The challenge with behavioral targeting is that it does serve to improve the user experience by storing your login information to make it easier to interact with your bank or online bookstore. Cookies also placed with vendors like your video rental store or favorite clothing store will use the cookie to make recommendations that can be very useful. When you as a user explicitly go to an online store, you establish what is referred to as a first party relationship.

"If you have a first-party relationship with Ann Taylor, meaning that you bought something online at their store, they should have the right to advertise to you without restriction," said Semcasting CEO Ray Kingman. "However, they should not be able to sell that to a third party who then turns around and sells you Coach bags because you looked at Ann Taylor."

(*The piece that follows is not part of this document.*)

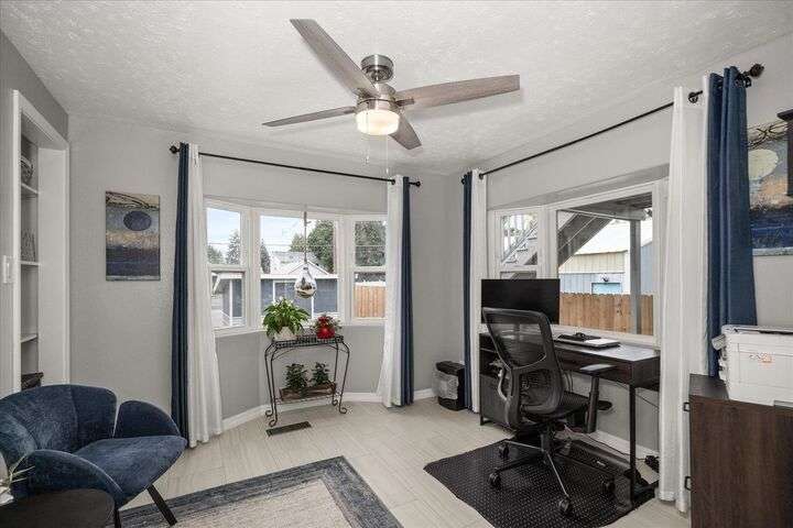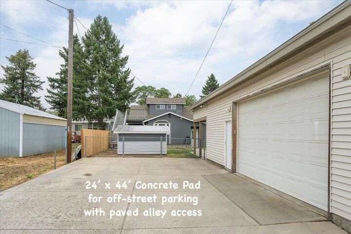 Beautifully updated South Hill home on a private & secluded 1/4 acre lot, with a large shop with 571 sq ft apartment / living quarters, abundant off-street parking, and paved alley access! Home has been completely remodeled with exquisite tiled floors & high-end finishes throughout. Main floor master suite has a double closet & exquisitely tiled master bath. Spacious kitchen + 3 full bathrooms are all beautifully updated! Large 13' x 20' bedroom on upper level with full en-suite bath with antique tub, double closet, sunroom & large private balcony with separate entrance out back. Light & bright ADU in shop has huge 8' tall north-facing windows, a cute loft bedroom with built-in storage, an updated bathroom and a good-sized kitchen with eat-in dining space. Shop is heated, insulated, drywalled, & plumbed for a bathroom. Large 24' x 44' parking pad in back is perfect for an RV or 4 vehicles (parked tandem). There's also 2 parking spots up front. 8x12 storage shed with power & clear roof (for use as greenhouse).

The concept of establishing a minimal permissible use criteria on the use of behavioral targeted data would go a long way to eliminating much of the concerns about privacy.  If you knew that your bank wasn’t able to legally sell or broker the fact you bank online and have a gold card with a high limit, it would take much of the edge off people’s privacy concerns. Should your bank be able to offer you a premium financial product? Absolutely. They should, however, not be allowed to broker your information to third parties for resale.

Semcasting's IP Audience Zones was created in order to address the issues of reach and to promote a privacy friendly method for doing targeting without third party cookies. IP Audience Zones forgoes the need to rely on cookies and site visits to specific vendors. Instead of relying on one or two intent data points from a cookie advertisers can tap into a comprehensive profile of an audience that is based on 750+ publically available data points which have been grouped into over 5 million location-based "look-alike Zones." Using predictive analytics, IP Zones creates Zones of similar affluence, interests and affiliation which are both demographically and geo-graphically aligned.

Using IP Audience Zones, a company like Coach wouldn't need to tap into Ann Taylor's customer base in order to find qualified leads for its campaigns. It could focus its ad spend on groups of U.S. residents who reside in the zones with the statistically appropriate affluence level and life stage to purchase Coach products.